Aug 7, 2016

Reading Challenge 2016: Eighth Book Review

I just finished book number eight, Sylvia's Lovers by Elizabeth Gaskell, published in 1863, and considered to be one of her lesser known works. While this book could fit in a number of categories, I've chosen to place it in the category of a classic written by a woman.

The title of this book sounds like it belongs in the genre of romance novels. It conjures up the image of a loose woman with many men in her life but nothing could be further from the truth.

The story takes place in the north of England, along the East coast, in the late 1700's. Napoleon is on the move and England is at war with the French. Whaling and the press-gang, England's military "draft," serves as backdrop. It's the story of actions taken with resulting consequences, of unforgiveness and regret and all that that entails. 

Sylvia Robson is loved by two men. Phillip Hepburn, her cousin, works as a clerk in a store in the village of Monkshaven, while Charley Kinraid, earns his living as a whaler. The press gang figures heavily in this love story bringing pain and misery.

The press gang, under the authority of the crown, kidnapped able bodied men, forcing them to serve in the British Navy, likely never to see their families again. The impact this system could have on the families of those who were "pressed" into service was huge. Men would be snatched, carried off, while the wives and children were left without protection or provision. Families were often left destitute by the practice. And even worse, some of the families, were completely in the dark that the kidnapping had even occurred. Their men could be here today and gone tomorrow without a trace.

When the story opens Sylvia is 17 years old, an only child living with her parents on a farm. Phillip, her rather dull Quaker cousin, tutors her in reading, geography, and arithmetic. His love for her grows, but unfortunately for Philip, Sylvia barely notices him. Instead, she is drawn to the exciting and handsome Charley Kinraid, usually referred to as just "Kinraid," in the book. It doesn't help Philip's case with Sylvia that her father was a whaler himself, back in the day, and because of that he and Kinraid have a special connection with so much in common.

I hesitate to give too many details because I don't want to spoil the story. It was not knowing what would happen on the next page, in the next chapter, that kept me on edge and turning the pages.

There was one problem with the book though, a problem great enough that I was tempted early on to lay it aside. Every conversation is written in dialect.

Every. Single. One.

Not just one or two characters, every so often, but every time quotation marks were used, I felt like I needed sub-titles, at least initially. Some characters' dialect was easier to understand than others but the reading could be slow going at times.

For example...

The whaling ship has just been sighted, returning after being gone for 6 long months, and there is great excitement in the village. A lame man is speaking to Sylvia...

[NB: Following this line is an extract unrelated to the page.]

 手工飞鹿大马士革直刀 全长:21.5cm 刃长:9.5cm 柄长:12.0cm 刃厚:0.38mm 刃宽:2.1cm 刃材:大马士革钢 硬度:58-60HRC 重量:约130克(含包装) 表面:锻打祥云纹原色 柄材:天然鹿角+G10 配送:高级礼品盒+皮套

"Time was I should ha' been on th' staithes throwing up my cap wit' t' best on 'em; but now it please t' Lord to keep me at home, and set me to mind other folks' gear. See thee, wench, there's a vast o' fold ha' left their skeps o' things wi' me while they're away down to t' quay side. Leave me your eggs and be off wi' ye for t' see t' fun, for mebbe ye'll live to be palsied yet, and then ye'll be fretting ower spilt milk, and that ye didn't tak' all chances when ye was young. Ay, well! they're out o' hearin' o' my moralities; I'd better find a lamiter like mysen to preach to, for it's not iverybody has t' luck t' clargy has of saying their say out whether folks likes it or not."


Very fortunately for me, it really didn't take long before I was translating late 18th century Yorkshire English into 21st century American English!

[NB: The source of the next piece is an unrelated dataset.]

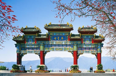 肇慶七星巖牌坊,在肇慶星湖最南面,即現(xiàn)牌坊廣場正前方,下有寬闊的大理石平臺(tái)和臺(tái)階式步級(jí),前面與端州路交界,正對繁華的天寧北路,后面是寬闊的廣場與浩瀚似海的星湖。1959年落成,鋼筋混凝土仿古建筑,高12米,寬17.5米,四柱三間,柱礎(chǔ)花籃形,四根大圓柱飾以朱紅,仿歇山頂,上蓋琉璃瓦,中門上方鑲嵌著朱德于1959年手書的“七星巖”三個(gè)大字,為肇慶的重要標(biāo)志物。

Elizabeth Gaskell (1810-1865)
I often find myself arguing with the characters in a book. I see them doing things, making decisions, taking actions that I know they'll be sorry for, and this book was no exception. From about the middle of the book onwards I could hardly put it down. What would the end look like? Would the characters deviate from the courses they'd set upon? 

I need to be careful not to give too much away! Let me finish by suggesting you pick up a copy and read it yourself. I do not think you'll be sorry!


  1. All in dialect? Yikes! I love Dickens novels dearly, but when he has his characters speak in dialect, which is not infrequently (Sarah Gamp from Martin Chuzzlewit for example), it drives me bonkers. Good to know that it is worth persevering with Silvia’s Lovers too.

    I have only read North and South By Gaskell before, which I liked (and if there was dialect it wasn’t too much, because I don’t remember any!) : )

  2. I wasn't sure I'd even want to try to slog through the dialect but it actually didn't take me long to get into the rhythm of it. After awhile you know that this or that "word" means something and it means the same thing in everyone's speech. Definitely worth the effort!

    I've not read North and South yet, but one of my daughters has been telling me it is not to be missed.